Gary Thal presented the results of BMS121, a 48-week, open-label study in which 65 treatment-naïve patients were treated with efavirenz (EFV) plus one of two doses of ritonavir-boosted atazanavir (ATV/r), 300/100 or 400/100 mg qd [Ward D, et al. Abstract H-1057]. Virologic response was similar, with 77% and 87% achieving a viral load <50 c/mL (observed data analysis). However, the small size of the study and the lack of pharmacokinetic data make this study hard to interpret. The primary endpoint of the study was triglyceride elevation: triglycerides levels increased by 48% and 63% in the 300/100 and 400/100 mg arms, respectively. Perhaps the most clinically useful observation was that grade 3-4 bilirubin elevation was observed in 49% of those on the 400/100 mg arm compared to only 13% of those on 300/100 mg, suggesting that when combined with EFV, the lower dose of ATV should be used.

Darunavir Data

More data were presented from the POWER studies, previously reported clinical trials comparing four doses of darunavir/ritonavir (DRV/r, TMC114/r) plus an OBR. A pooled analysis of 924 patients demonstrated no differences in safety and efficacy based on gender, age, and race [Collier A, et al. Abstract H-1396]. A 24-week analysis involving 458 patients found that rates of virologic suppression to <50 c/mL in patients previously treated with LPV/r, FPV/r, and tipranavir/ritonavir (TPV/r) were 40-44% at 24 weeks, similar to the overall trial population [Lefebvre E, et al. Abstract H-1387].

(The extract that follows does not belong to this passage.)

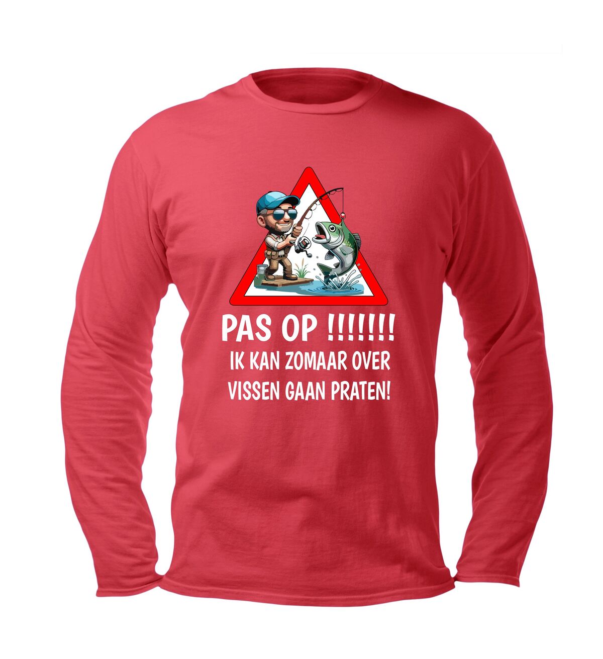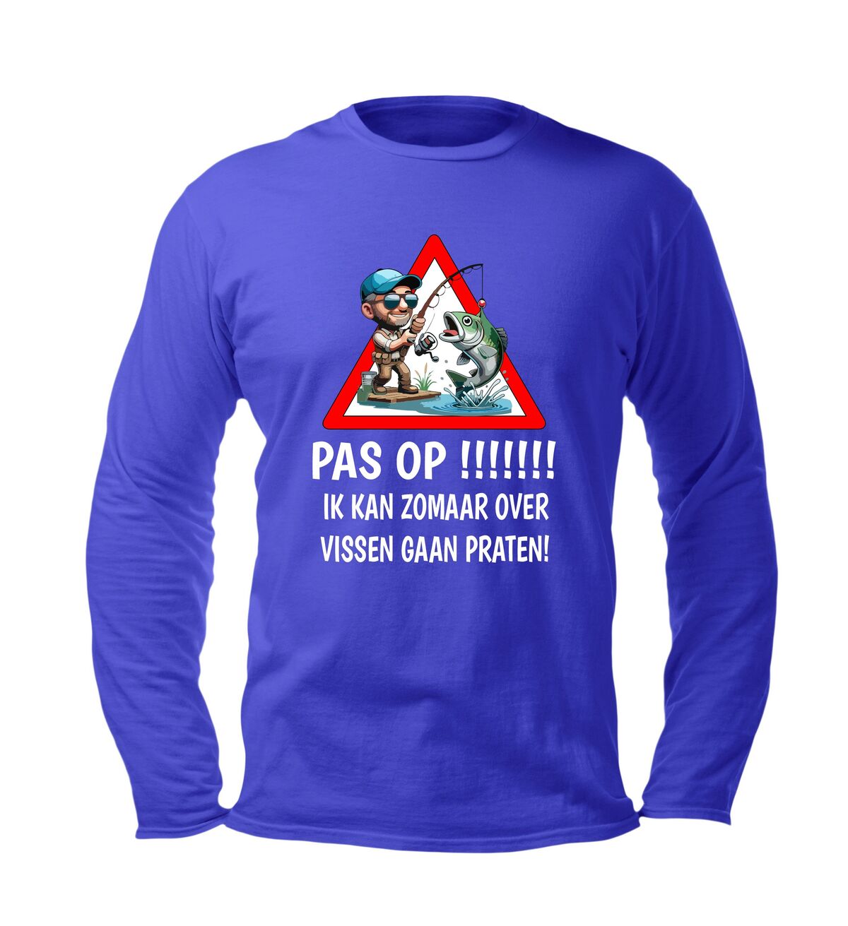 Ben jij zo iemand die tijdens verjaardagen, op het werk of zelfs op vakantie binnen no-time over vissen begint? Dan is deze longsleeve echt iets voor jou! Met de opvallende tekst “Pas op… ik kan zomaar over vissen gaan praten” en een stoere afbeelding van een visser, laat je op een grappige én stijlvolle manier zien waar jouw hart ligt.

Among over 56,000 sequences submitted to Virco for resistance testing from 2004-2005, susceptibility was greater to DRV than to tipranavir (TPV) or lopinavir (LPV) among heavily PI-resistant isolates [Picchio G, et al. Abstract H-0999]. Ninety-eight percent of the isolates had no more than 2 DRV-specific mutations and were predicted to be susceptible to DRV. There was some evidence of cross-resistance between DRV and TPV: 3.8% had evidence of resistance to both drugs, 6.4% had evidence of resistance to TPV with susceptibility to DRV, and 1.4% had resistance to DRV with susceptibility to TPV.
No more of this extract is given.